(Collected data)
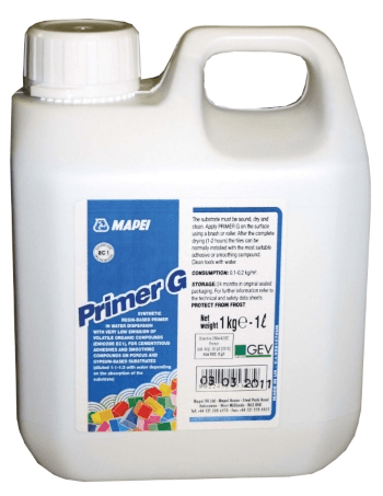 Primer G Priming is essential where absorption needs to be reduced on surfaces such as render, plywood, plaster, plasterboard and sand:cement screeds. Anhydrite screeds and gypsum plaster must be sealed before application of any cement based adhesives or failure may occur.
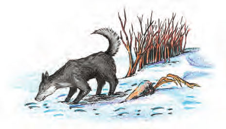 它们一步步仔细地踩着母狼的脚印走,你绝对不会想到这是五只狼的脚印。一定得认真训练自己的眼睛,才能成为一个善于根据雪径追踪兽迹的好猎人(猎人们把雪地上的兽迹称作雪径)。
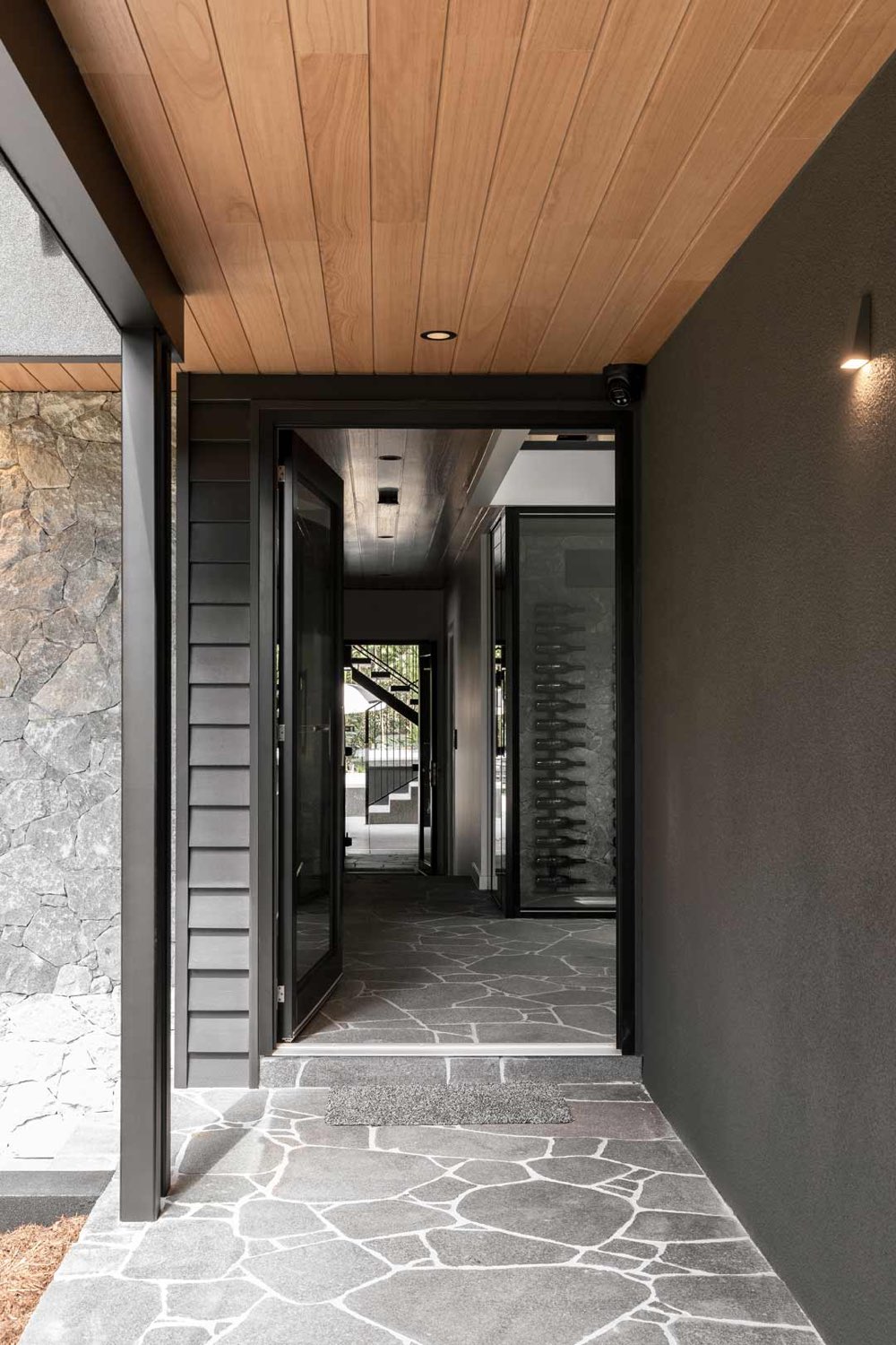 Du bois, de la pierre, du noir... Une palette de matériaux et de couleurs assez simple. C'est leur utilisation, leur emplacement qui font que cette vaste demeure minimale semble chaleureuse et élégante.
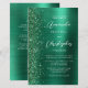 A borda esquerda deste elegante convite de casamento moderno apresenta uma borda de brilho falso esmeralda. O texto personalizável combina fontes de letra manuscrita branca e sem serifa em um fundo verde de metal polido falso. O verso fornece espaço para detalhes do casamento em um fundo de metal polido esmeralda, juntamente com um código QR que os convidados podem digitalizar para visitar seu site e responder, o que economiza o custo de impressão e envio de cartões de RSVP separados.
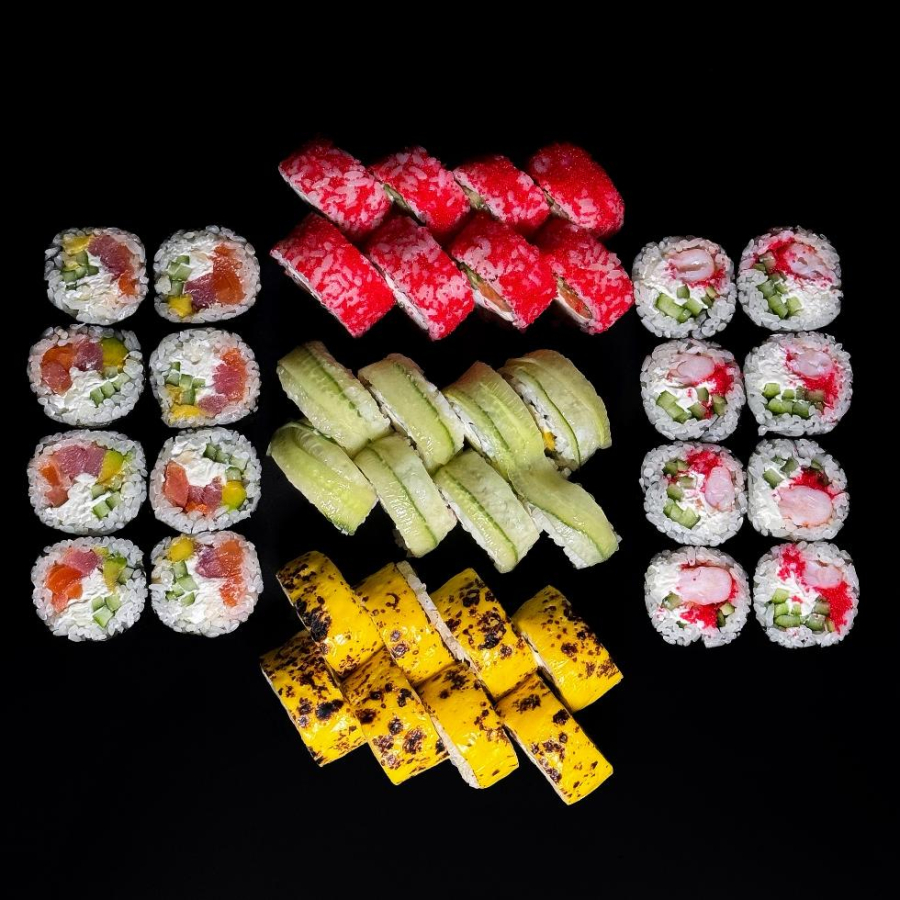 Запеченный ролл с курицей терияки 8шт, опаленный бекон спайси 8шт, ролл такуан с креветкой темпура 8шт, ролл с курицей в сыре Чеддер 8шт.
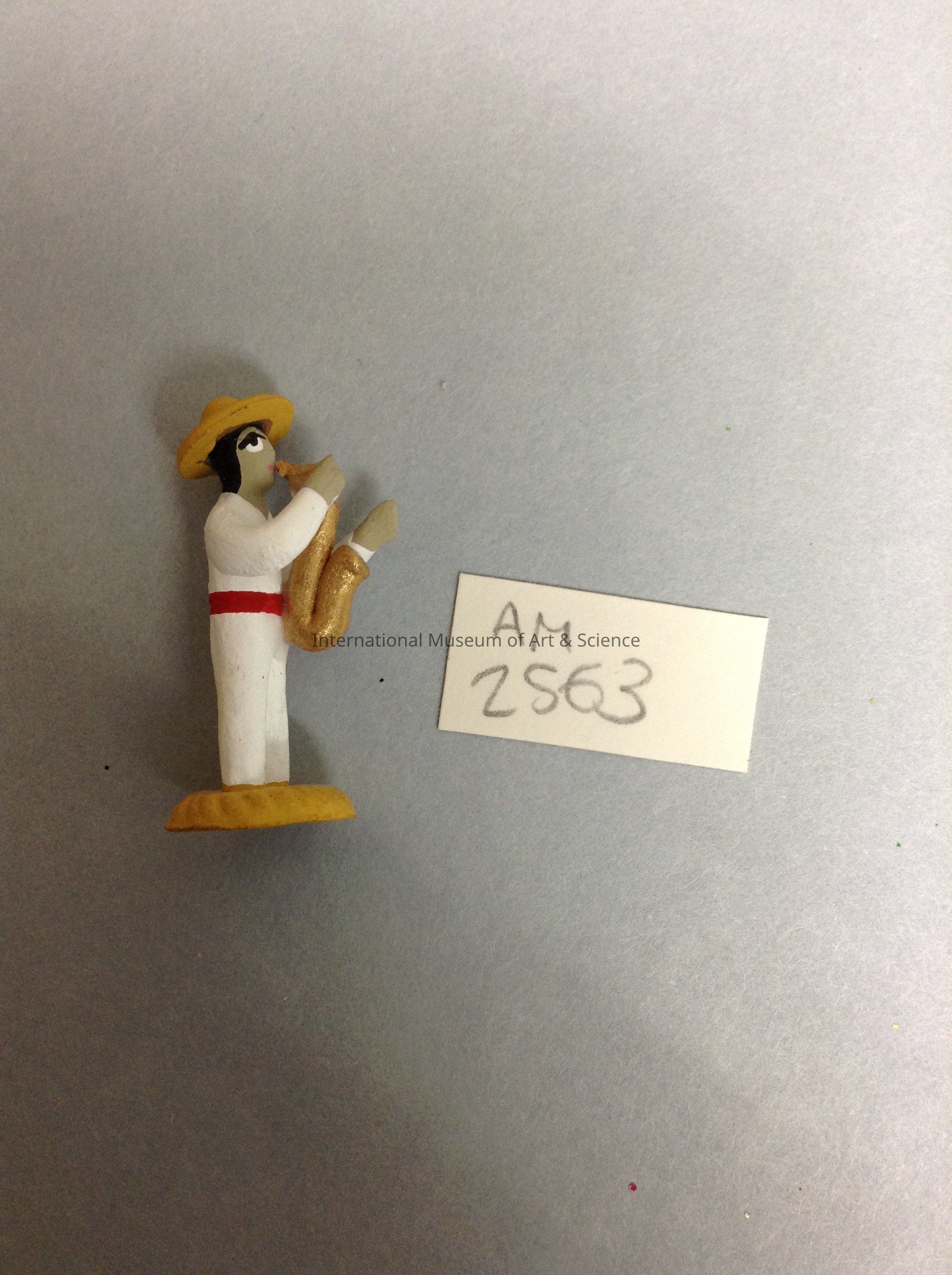 A miniature wooden figurine of a male jalisco garb playing a gold saxaphone. The figure is wearing white clothing and a yellow sombrero. The figuine is part of a nine figure jalisco group.Artwork Details
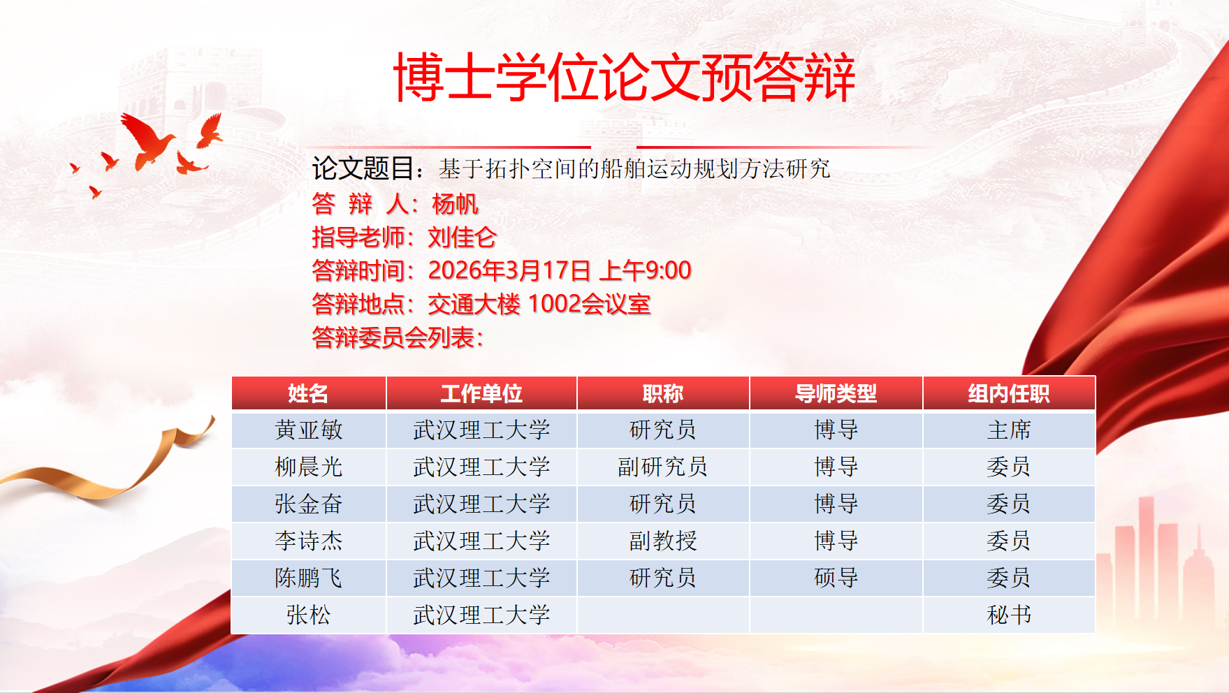 博士学位论文预答辩公告
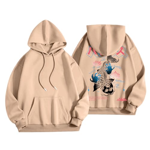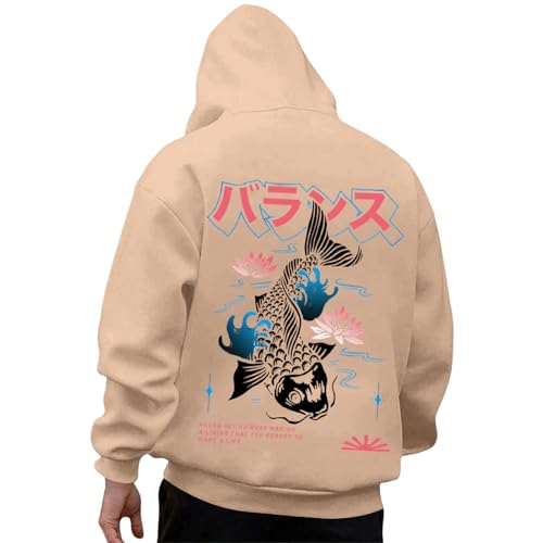 HOT ! Men's Graphic Hoodies Oversized Drawstring Japanese Koi Fish Printed Sweatshirts Fall Long Sleeve Streetwear Pullover Tops
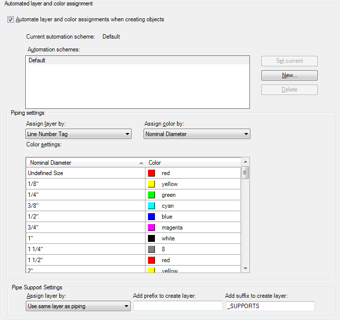 Use current layer (Unmanaged) - Pipe supports are created on the current layer. This behavior is compatible with AutoCAD Plant 3D 2012 and earlier.
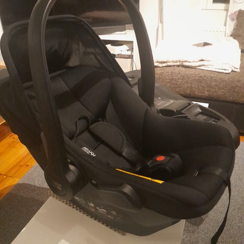 Turvakaukalon valmistuspäivä 2.10.2023. Otettu käyttöön 04/2025. Kaukalolla siis useampi vuosi käyttöikää jäljellä. Väri: musta. Voidaan kiinnittää autoon turvavyön avulla tai muutamalla erilaisella telakalla. Painoraja kaikilla kiinnitystavoilla 13 kg. Mukana istuimen pienentäjä ihan pienelle vauvalle (kuvissa kaukalon sisällä).

## [Your assignment]
Reproduce, word for word, the lines from the one containing "Запеченный ролл с" through the final line above. Leave every picture out.

## [Response to the exercise]
 Запеченный ролл с курицей терияки 8шт, опаленный бекон спайси 8шт, ролл такуан с креветкой темпура 8шт, ролл с курицей в сыре Чеддер 8шт.
 A miniature wooden figurine of a male jalisco garb playing a gold saxaphone. The figure is wearing white clothing and a yellow sombrero. The figuine is part of a nine figure jalisco group.Artwork Details
 博士学位论文预答辩公告
 HOT ! Men's Graphic Hoodies Oversized Drawstring Japanese Koi Fish Printed Sweatshirts Fall Long Sleeve Streetwear Pullover Tops
 Use current layer (Unmanaged) - Pipe supports are created on the current layer. This behavior is compatible with AutoCAD Plant 3D 2012 and earlier.
 Turvakaukalon valmistuspäivä 2.10.2023. Otettu käyttöön 04/2025. Kaukalolla siis useampi vuosi käyttöikää jäljellä. Väri: musta. Voidaan kiinnittää autoon turvavyön avulla tai muutamalla erilaisella telakalla. Painoraja kaikilla kiinnitystavoilla 13 kg. Mukana istuimen pienentäjä ihan pienelle vauvalle (kuvissa kaukalon sisällä).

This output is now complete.